However, measurement experts have suggested for some time that "tests used primarily for curriculum advancement will look very different from those used for accountability" (Anderson, 1985, p. 24) and they will have different intended and actual impacts. Likewise, tests used for high stakes decisions (e.g. high school graduation and merit pay) are likely to have different impacts than those used for low stakes decisions (e.g. planning specific classroom interventions for individual students).
It will not always be possible to keep purpose and stakes issues separated when discussing consequences. However, when evidence (or conjecture) about consequences applies to only a specific purpose or level of stakes I will try to make that clear.

D. Format questions

A fairly hot issue in recent years is whether the format of the assessment should vary depending on purposes and whether assessments using different formats have different consequences. In the Roeber et al., (1997) survey of states, multiple choice items were used by 41 states, extended response item types were used by 36, short written response by 24, examples of student work by 10, and what was labeled as performance assessments were used by 9 states. Four states used what were termed projects.
Performance assessment advocates have claimed that the format is important and that positive consequences come from such a format and negative consequences come from multiple-choice formats. Others, like me, are less sure of either of these positions. As with purpose and stakes issues, it will not be possible to always keep these format issues separated in this presentation, but attempts will be made.
Because in recent years more positive claims have been made for "performance assessments" many of the recent attempts to gather consequential evidence have been based on assessments that have used performance assessments. However, I tend to agree with Haney and Madaus when they suggested "...what technology of assessment is used probably makes far less difference than how it is used" (1989, p. 687).

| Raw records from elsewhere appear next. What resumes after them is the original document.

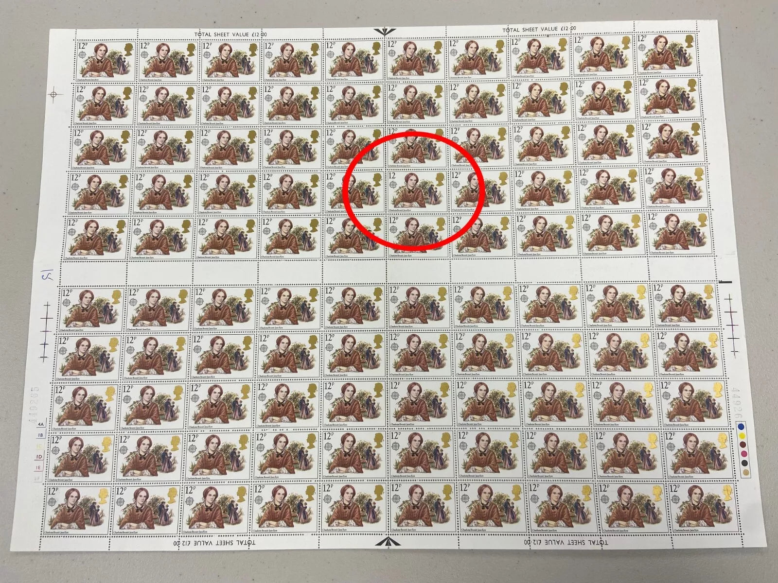 GB 1980 SG1125 Bronte Full Sheet with famous MISSING 'P' Variety/Error
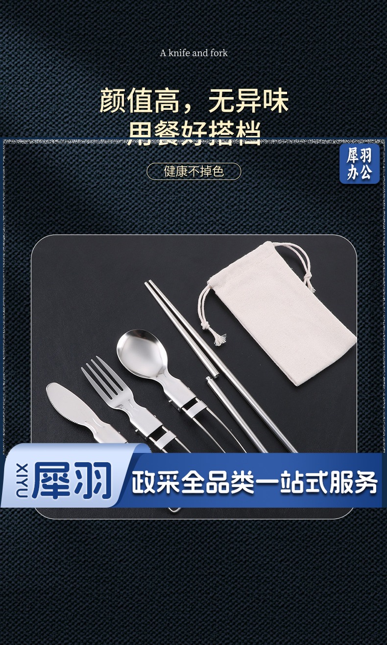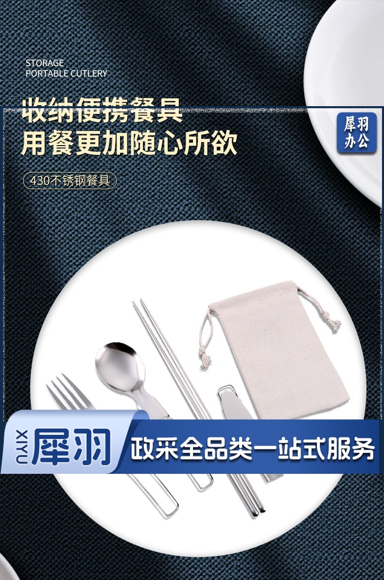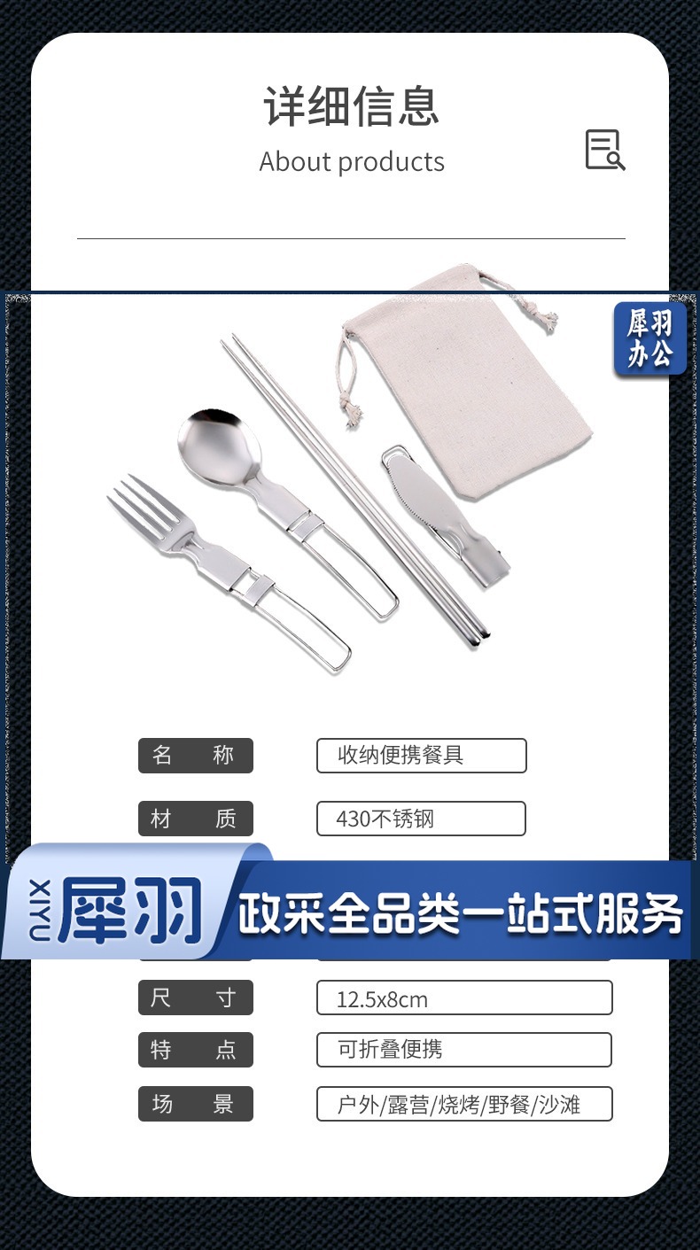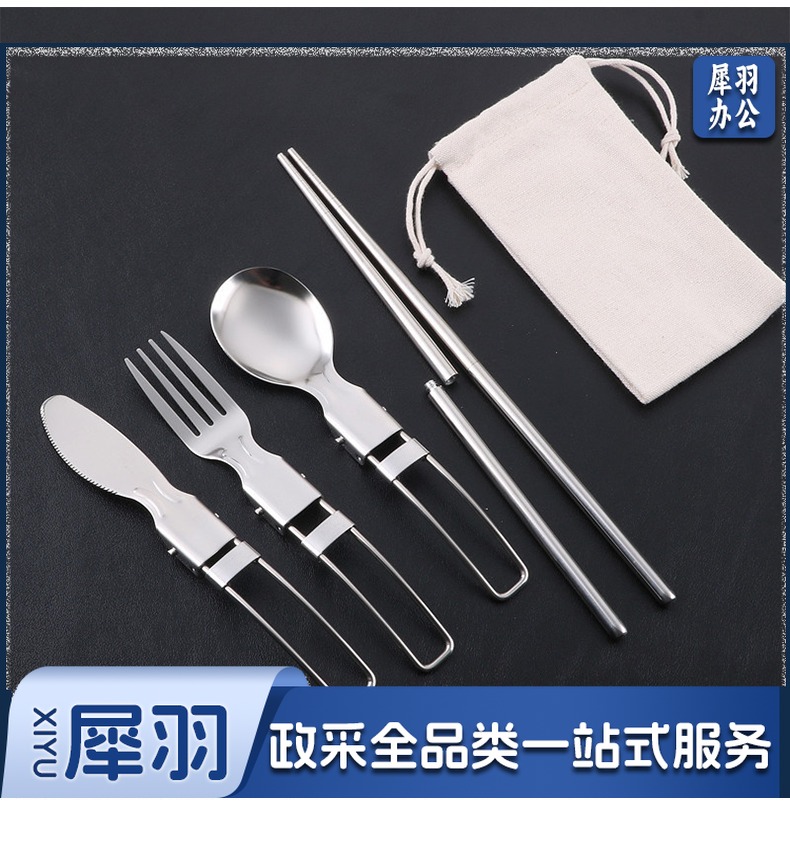 JOYTOUR 户外餐具露营野营野餐烧烤便携不锈钢餐具厨具刀叉子勺筷子套装 5件套 便携/折叠
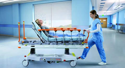 Our transport stretcher. SPRINT 100 has the world's first IV poles with integrated push handles. hospital ward & long term care units. Model has a simple construction with a wide range of features & functions delivered at a low cost, providing customers with great value for money. As a result, this model has above-standard features & sophisticated functions available to a large variety of customers.
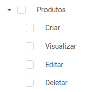 Por exemplo, em Produtos, você poderá permitir ações como:
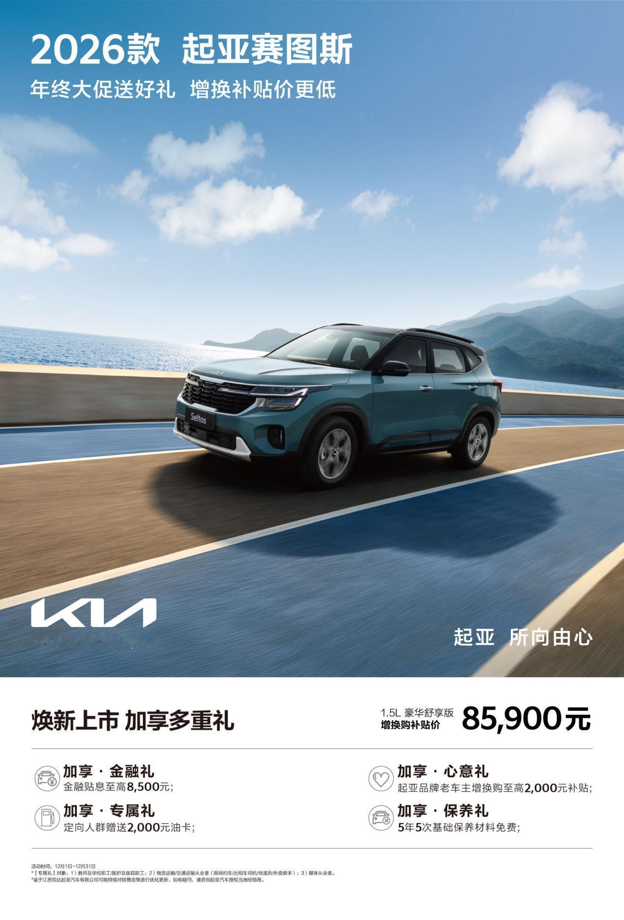 细节控的福音!2026款赛图斯,带来同级领先的舒适体验 对于注重生活品质的年轻人来说,座驾的舒适度绝不能凑合。2026款起亚赛图斯最打动人心之处,在于它彻底打破了合资入门SUV“配置简陋”的刻板印象。其1.5L豪华舒享版不仅配备了同级罕见的前排座椅通风与加热功能,让你告别夏日闷热和冬日冰冷,这份领先的诚意远不止于此,它还搭载了SVM 360°全景影像和BVM侧后方影像,让停车、并线都变得轻松自如。再加上10.25英寸炫彩仪表盘、BLE手机蓝牙钥匙以及支持百度智能互联的Kia Connect系统,从舒适到智能,每一处细节都为你周全考虑。想要拥有这份同级领先的舒适与便捷,目前的购车政策相当给力:1.5L豪华舒享版综合增换购补贴后仅需85,900元。此外,购车还可享受至高8,500元金融贴息以及5年5次基础保养材料免费等多重权益,让这份高品质的出行体验更轻松地拥有。

III. EVIDENCE ON THE CONSEQUENCES OF ASSESSMENT PROGRAMS

Lane (1997) developed a comprehensive framework for evaluating the consequences of assessment programs -- concentrating primarily on performance-based assessments. She suggested that both the negative and positive consequences need to be addressed and that one needs to consider both intended and plausible unintended consequences.
For purposes of this presentation, I will discuss some major potential benefits and dangers as follows:
  • A. Curricular and instructional reform: Good, bad, or nonexistent?
  • B. Motivation/morale/stress/ethical behavior of teachers: Increase of decrease?
  • C. Motivation and self-concepts of students: Up or down?
  • D. True improvement in student learning, or just higher test scores?
  • E. Restore public confidence or provide data for critics?
Evidence on consequences is somewhat sketchy, but the "Lansing State Journal" did report one result in big headlines: "Test Results make School Chief Smile" (Mayes, 1997, p. 1) Many of you have seen such headlines in your own states. When scores go up, the administrators are happy and act as if that means achievement has gone up. It may have, but note well that the consequence I am reporting here (tongue in cheek) is that the superintendent smiled -- not that achievement had improved!
In general there is much more rhetoric than evidence about the consequences of assessment and "too often policy debates emphasize only one side or the other of the testing effects coin" (Madaus, 1991, p. 228). Baker et al., in an article on policy and validity for performance based assessment reported that "less than 5% of the literature cited empirical data." (1993, p. 1213). As they pointed out,
Most of the arguments in favor of performance-based assessment ... are based on single instances, essentially hand-crafted exercises whose virtues are assumed because they have been developed by teachers or because they are thought to model good instructional practice. (Baker et al., 1993, p. 1211).
I would conclude, as Baker et al. did, that "a better research base is needed to evaluate the degree to which newly developed assessments fulfill expectations" (1993, p. 1216). Koretz suggested that:
Despite the long history of assessment-based accountability, hard evidence about its effects is surprising sparse, and the little evidence that is available is not encouraging. ...The large positive effects assumed by advocates...are often not substantiated by hard evidence.... (Koretz, 1996, p. 172.).
Reckase (1997) pointed out one of the logical problems in obtaining evidence on the consequences of assessments. The definition of a consequence implies a cause and effect relationship, but most of the evidence has not been gathered in a manner that permits a scholar (or anyone else with common sense) to draw a causative inference.
Green (1997) mentioned many problems in doing research on the consequences of assessment. Among them are that few school systems will welcome reports of unanticipated negative consequences, so cooperation may be hard to obtain; there will be disagreements about the appropriate criterion measures of the consequences; cause-effect conclusions will be disputed; and much of the research undertaken is likely to be undertaken by those trying to prove that what exists is inferior to their new and better idea.
Much of the research has been based on survey information from teachers and principals and, as many authors have pointed out, classroom observations might be more compelling information (see, for example, Linn, 1993 and Pomplun, 1997). Research by McDonnell and Choisser (1997) employed three data sources: face to face interviews, telephone interviews, and assignments collected from the teachers along with a one- page log for each day in a two week period. As the authors pointed out, instructional artifacts is a relatively new strategy --not likely as good as classroom observations, but not as expensive either.
Although evidence is sketchy, there is some! I will discuss such evidence under the headings given earlier regarding the possible dangers and potential benefits of assessment programs.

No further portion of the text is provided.